Through a literal and figurative drug haze hanging over the bed he's sharing with Cleopatra, Antony asks, "What do you mean, 'here'?" Posca freaks that the ship docked an hour ago, and that the Julian women are on their way to the palace to demand an immediate audience with Antony. Which is weird, because we've already seen that the docks are right outside. Are they walking verrry slowly? Posca wants to know what to do, and Antony hauls himself out of bed and tries to get his shit together. He's wearing his old Roman cape over his current Egyptian man-skirt in this scene, which is a striking look. Not everyone could pull that off, especially with all the jewelry, but Antony makes it work. Sometimes it feels like part of the purpose of this season was to try out different looks on Antony: Roman soldier? Check. Consul? Check. Bearded mountain man? Check. Exotic Middle-Eastern he-bitch? Check. Antony struggles to gather his thoughts -- which, considering that they must be scattered all over the room like ball bearings, must be quite a task. He turns out to be equal to it, though: he realizes that the women wouldn't have come on their own, so Octavian must have sent them in hopes of a reconciliation with Octavia. Cleopatra says that Antony will shut her down, right? Antony agrees so quickly that his lips blur, but he's already realized that, in doing so, he will be playing right into Octavian's hands. Blindsided and hopped up on drugs, Antony can still figure out in ten seconds something that didn't occur to Julii Cooper even once on an entire long, boring sea voyage. Tell me again about her "outfoxing" skills, show. Cleopatra wonders why Antony isn't happier that he's getting a war he wanted but didn't have to start. Antony blearily explains that Octavian is trying to undercut Antony's popularity with the people, and will think he's outmaneuvered Antony. Cleopatra says that he shouldn't care, as long as he ultimately wins the war. Antony uncertainly agrees.

That settled, Cleopatra decides to throw a big party for their visitors, but Antony's not down with that.
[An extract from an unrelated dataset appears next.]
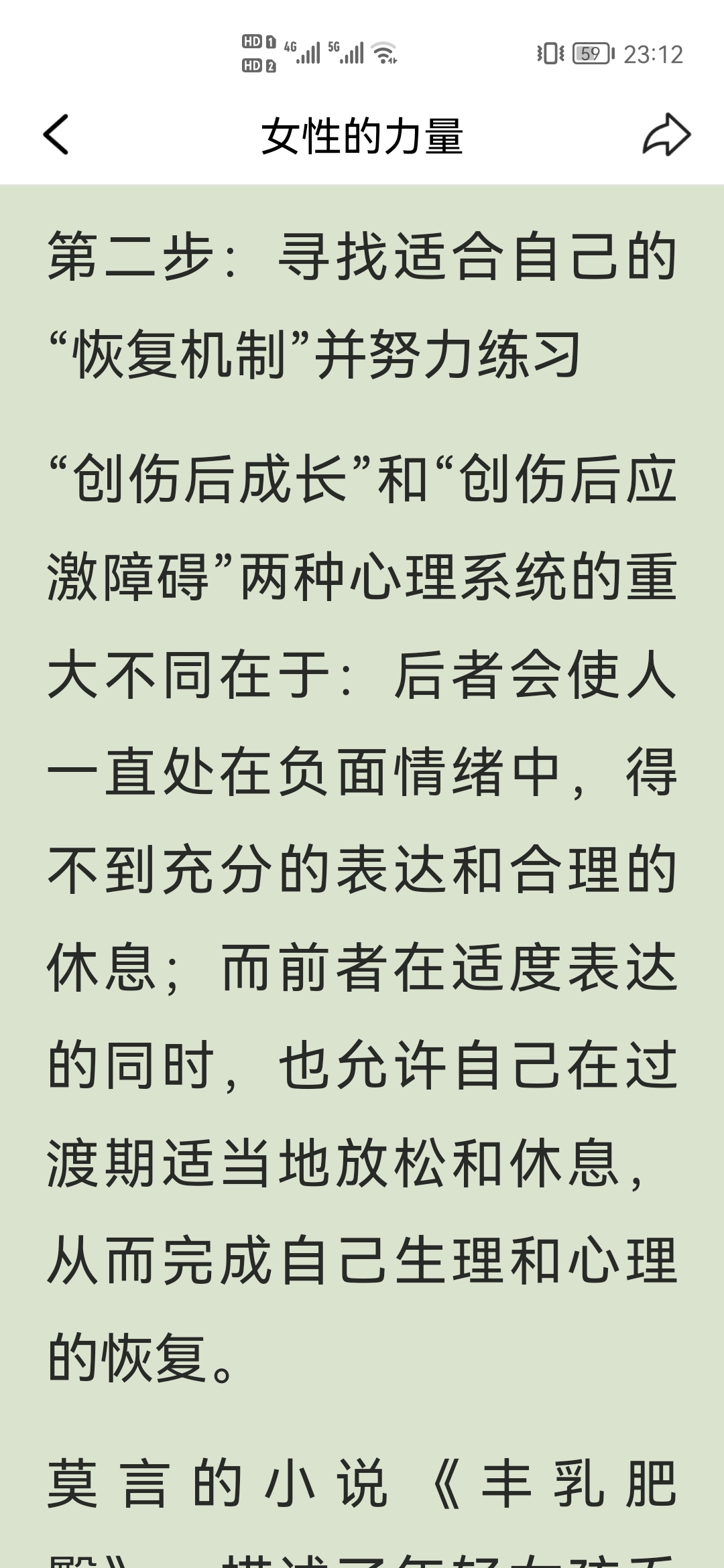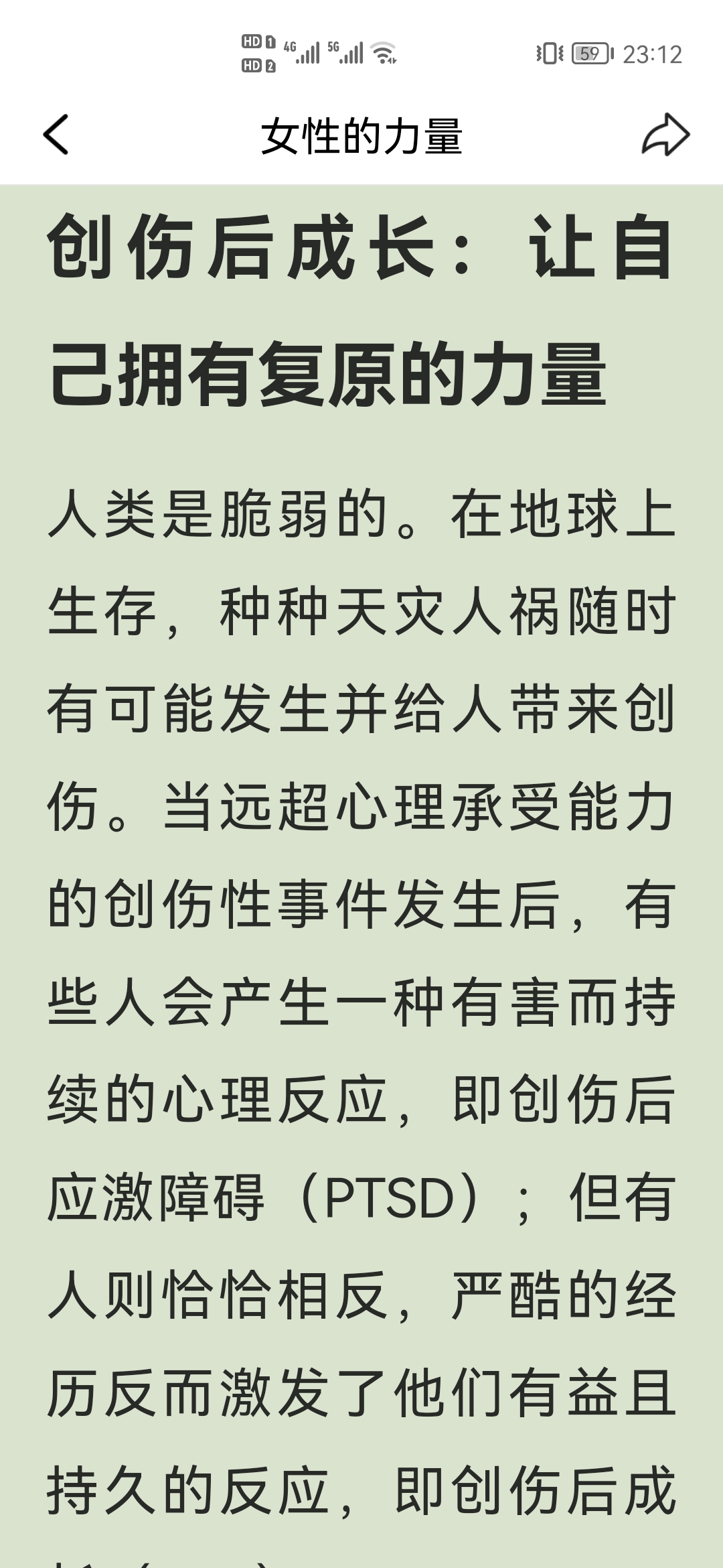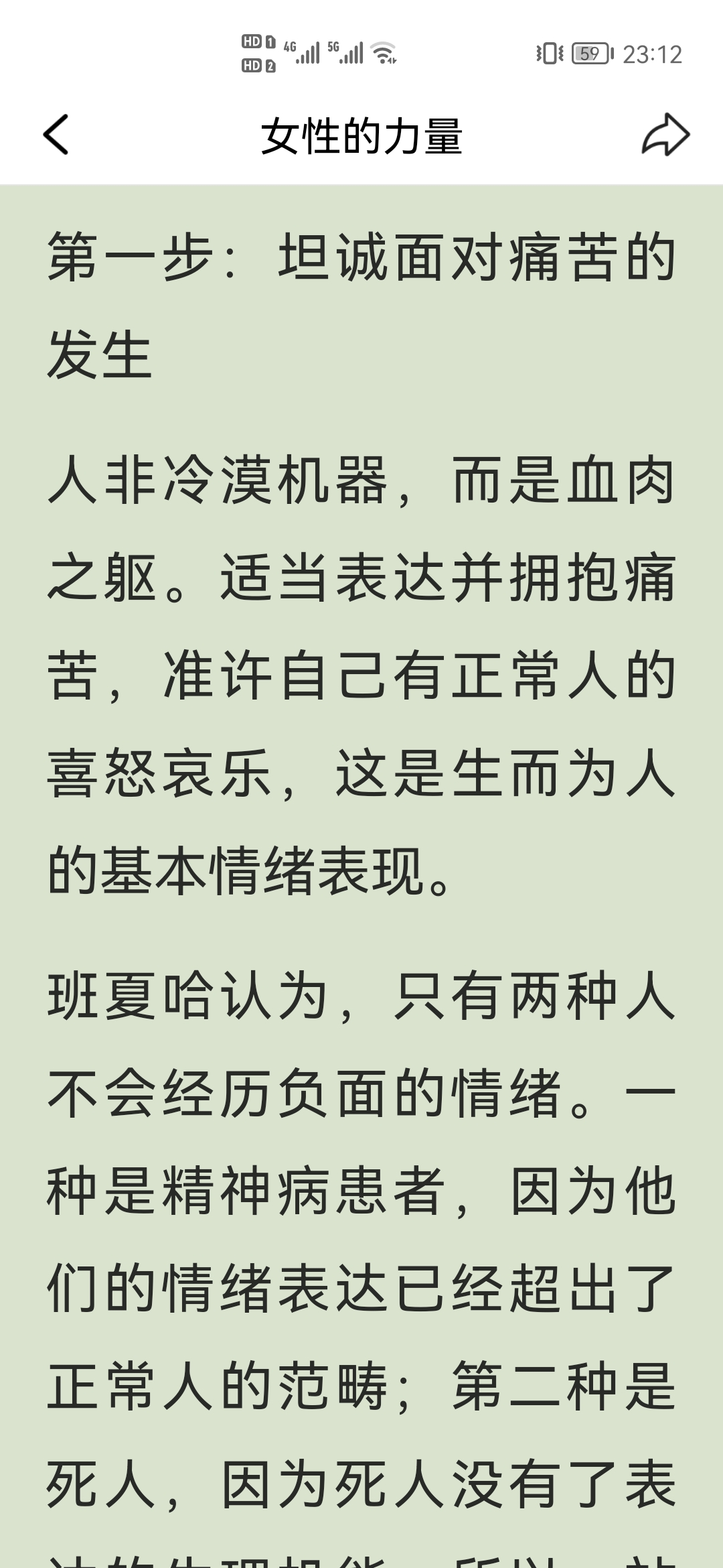 《女性的力量》第六章第三小节阅读体会: 一、主要内容 这一小节的核心是“创伤后成长:让自己拥有复原的力量”,围绕如何从挫折和创伤中恢复并成长,给出了清晰的三步法: 1. 第一步:坦诚面对痛苦的发生 - 人不是机器,有喜怒哀乐是正常的,负面情绪不是洪水猛兽。 - 引用班夏哈的观点:只有精神病人和死人才不会有负面情绪,所以允许自己痛苦、表达痛苦,是复原的第一步。 2. 第二步:寻找适合自己的“恢复机制”并练习 - 身体和心理都需要恢复期,否则创伤会让心理从脆弱变易碎。 - 具体的恢复方式: - 日常恢复:工作/学习间隙每1-2小时休息15分钟,或做几次深呼吸、伸懒腰。 - 适当运动:通过运动释放血清素和多巴胺,增强心理韧性,缓解焦虑抑郁。 - 好好睡觉:找到适合自己的生物钟,睡不着就闭眼冥想,别用电子产品消耗大脑。 - 固定休息:每周休息日、每年休假日,避免长期透支。 - 核心是:恢复不是浪费时间,而是为了更好地重启,就像“饥来吃饭,困来眠”,把简单的事做好就是福气。 3. 第三步:让自己在爱的花园中散步 - 挫折来临时,除了专业人士,信任的家人、朋友是重要的支撑。 - 警惕“功能性社交”:不要为了存在感而广交朋友,要建立小而深的人际圈,能分享悲欢、抵御孤独。 - 最后升华到“臣服于无常”:接受“一切都是最好的发生”,不是认命,而是放下抗拒,理性看待当下,把人生的每一张牌都尽力打好。 二、阅读体会 这一节读下来,我最大的感受是:原来“崩溃”和“复原”,都是我们天生就有的权利和能力。 以前我总觉得,遇到事要“扛住”“不能哭”“要坚强”,把负面情绪当成软弱的证明。结果就是,情绪像被堵住的洪水,越憋越凶,最后反而把自己冲垮。这一节直接点醒我:允许自己难过,才是真的对自己负责。就像感冒了要吃药休息一样,心里受伤了,也得给它留个“养病”的时间。 最戳我的是“恢复机制”那部分。我以前总觉得“休息”是偷懒,比如中午不睡、晚上刷手机到凌晨,美其名曰“抓住属于自己的时间”。现在才明白,那些看似“没用”的发呆、散步、睡觉,才是给心理充电的关键。就像手机没电了要充,人也一样,硬扛只会让系统崩盘。我现在开始试着每天留10分钟什么都不做,就坐着发呆,反而觉得整个人轻松了很多。 还有“小而深的人际圈”这点,太扎心了。我们这代人,微信好友几千,能半夜打电话说心事的,可能一个都没有。以前我会焦虑“是不是我人缘不好”,现在才懂:朋友不在多,在“精”。有那么一两个能听你吐槽、陪你哭的人,比几百个点赞之交有用一万倍。 最后那句“臣服于无常”,我以前觉得是鸡汤,现在才懂它的意思。不是让我们逆来顺受,而是别跟已经发生的事较劲。就像手里抓了一把烂牌,抱怨、生气都没用,不如静下心来,想想怎么把这把牌打好。毕竟,人生不是比谁的牌好,而是比谁更会打。 总的来说,这一节就是在教我们:做个“会疼、会休息、会求助”的普通人,比做个“永远坚强”的超人,更有力量。

He comes back to the bed and sexily accuses Cleo of wanting to humiliate Julii Cooper. Amidst much rolling around and kissing (and teasing thereof), Cleopatra says that letting Julii Cooper know that Antony doesn't love her anymore is only an act of kindness. This would be more convincing if she didn't say it so evilly. Antony mostly agrees, but doesn't want any part of Julii Cooper's public humiliation. Cleopatra angrily says that's the purpose of all this, and starts to leave the bed, but Antony hauls her back and says that Julii Cooper is probably innocent: Octavian must have manipulated her into coming (bribed, actually, but whatever). So Cleopatra suggests Option #3: just killing them: "Atia will not be humiliated, because Atia will be dead. Octavian will know that you're not a man to be outmaneuvered." Antony doesn't want to be seen as a wife-killer, so Cleopatra blithely suggests, "Their ship sank on the way home. It happens all the time." This is too much for even Antony, who pries himself up from the bed again. Cleopatra angrily says that he's either a coward, or still has feelings for Julii Cooper. "Which? Is? It?" Cleopatra shrills. Antony's not about to admit to either of those accusations, so he goes for an Option #3 of his own, which is to holler at her to shut up. So she does. And switches to hurling pottery instead of talking. Luckily for him, her aim hasn't improved since the hunting lesson. But it's on.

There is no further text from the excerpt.